Nothing but the lines below from the one with "Asjust the path" through the one with "- 勾配天井とロフトを組み合わせ、平屋ベースでも縦方向の広がりを確保している" should be output, each exactly as given, and no pictures.
BEGIN Source records
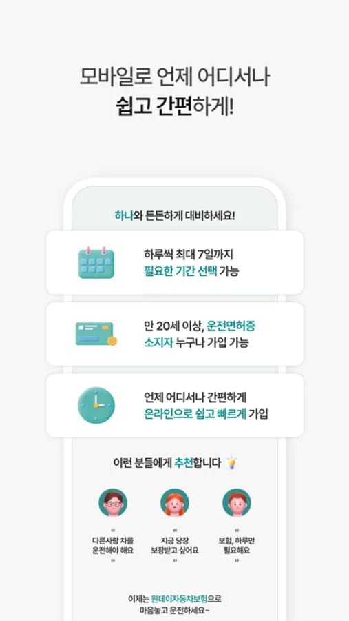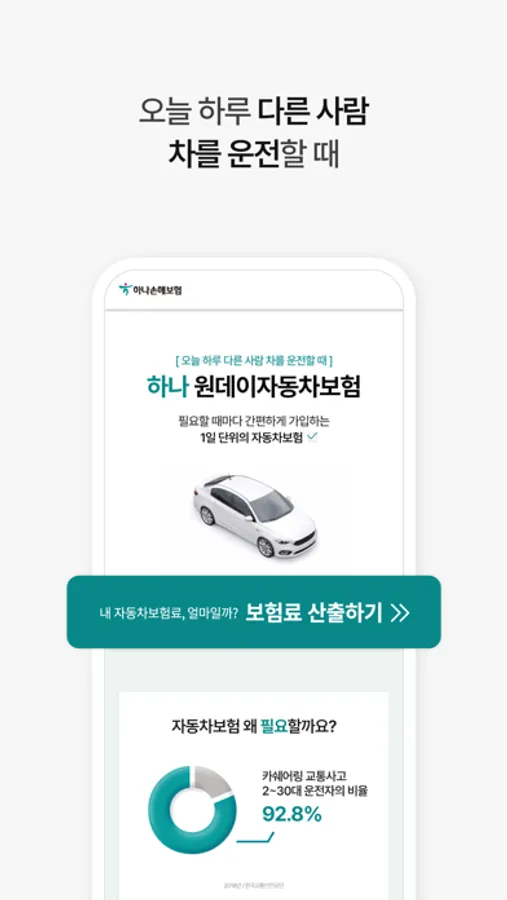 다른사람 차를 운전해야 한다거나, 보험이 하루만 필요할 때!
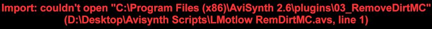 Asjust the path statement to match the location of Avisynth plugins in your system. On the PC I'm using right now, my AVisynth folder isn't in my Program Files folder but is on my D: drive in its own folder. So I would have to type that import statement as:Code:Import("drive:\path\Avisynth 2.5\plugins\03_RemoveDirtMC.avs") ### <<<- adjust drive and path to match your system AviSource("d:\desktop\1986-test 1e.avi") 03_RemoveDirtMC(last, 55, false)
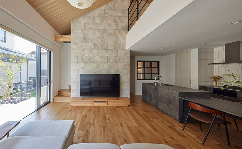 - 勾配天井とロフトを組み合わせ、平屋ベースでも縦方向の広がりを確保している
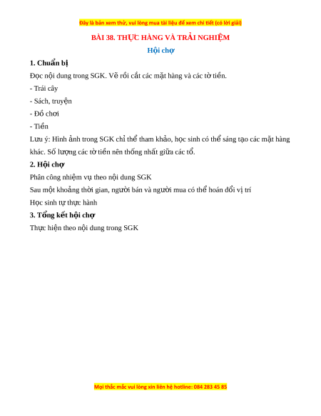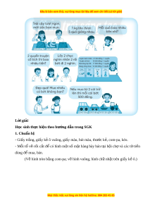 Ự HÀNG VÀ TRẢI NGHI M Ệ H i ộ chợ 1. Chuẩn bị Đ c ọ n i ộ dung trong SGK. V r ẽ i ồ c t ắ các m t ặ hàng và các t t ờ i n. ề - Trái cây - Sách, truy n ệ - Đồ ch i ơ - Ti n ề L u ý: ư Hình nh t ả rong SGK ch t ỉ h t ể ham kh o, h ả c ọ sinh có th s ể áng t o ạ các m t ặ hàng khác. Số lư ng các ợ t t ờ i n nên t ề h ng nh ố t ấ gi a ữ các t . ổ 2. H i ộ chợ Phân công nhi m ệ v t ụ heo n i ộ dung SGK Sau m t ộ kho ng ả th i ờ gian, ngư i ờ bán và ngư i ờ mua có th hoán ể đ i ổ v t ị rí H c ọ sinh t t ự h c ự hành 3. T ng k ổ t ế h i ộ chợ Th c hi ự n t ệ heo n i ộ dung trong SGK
END Source records
BEGIN Source records
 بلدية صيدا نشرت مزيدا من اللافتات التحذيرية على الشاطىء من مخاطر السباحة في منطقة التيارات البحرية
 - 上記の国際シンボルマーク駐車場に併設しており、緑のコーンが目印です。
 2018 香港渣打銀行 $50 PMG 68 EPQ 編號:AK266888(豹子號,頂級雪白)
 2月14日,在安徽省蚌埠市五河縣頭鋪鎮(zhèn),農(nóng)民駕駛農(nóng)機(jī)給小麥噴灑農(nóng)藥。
END Source records
#### Response to this exercise
 Asjust the path statement to match the location of Avisynth plugins in your system. On the PC I'm using right now, my AVisynth folder isn't in my Program Files folder but is on my D: drive in its own folder. So I would have to type that import statement as:Code:Import("drive:\path\Avisynth 2.5\plugins\03_RemoveDirtMC.avs") ### <<<- adjust drive and path to match your system AviSource("d:\desktop\1986-test 1e.avi") 03_RemoveDirtMC(last, 55, false)
 - 勾配天井とロフトを組み合わせ、平屋ベースでも縦方向の広がりを確保している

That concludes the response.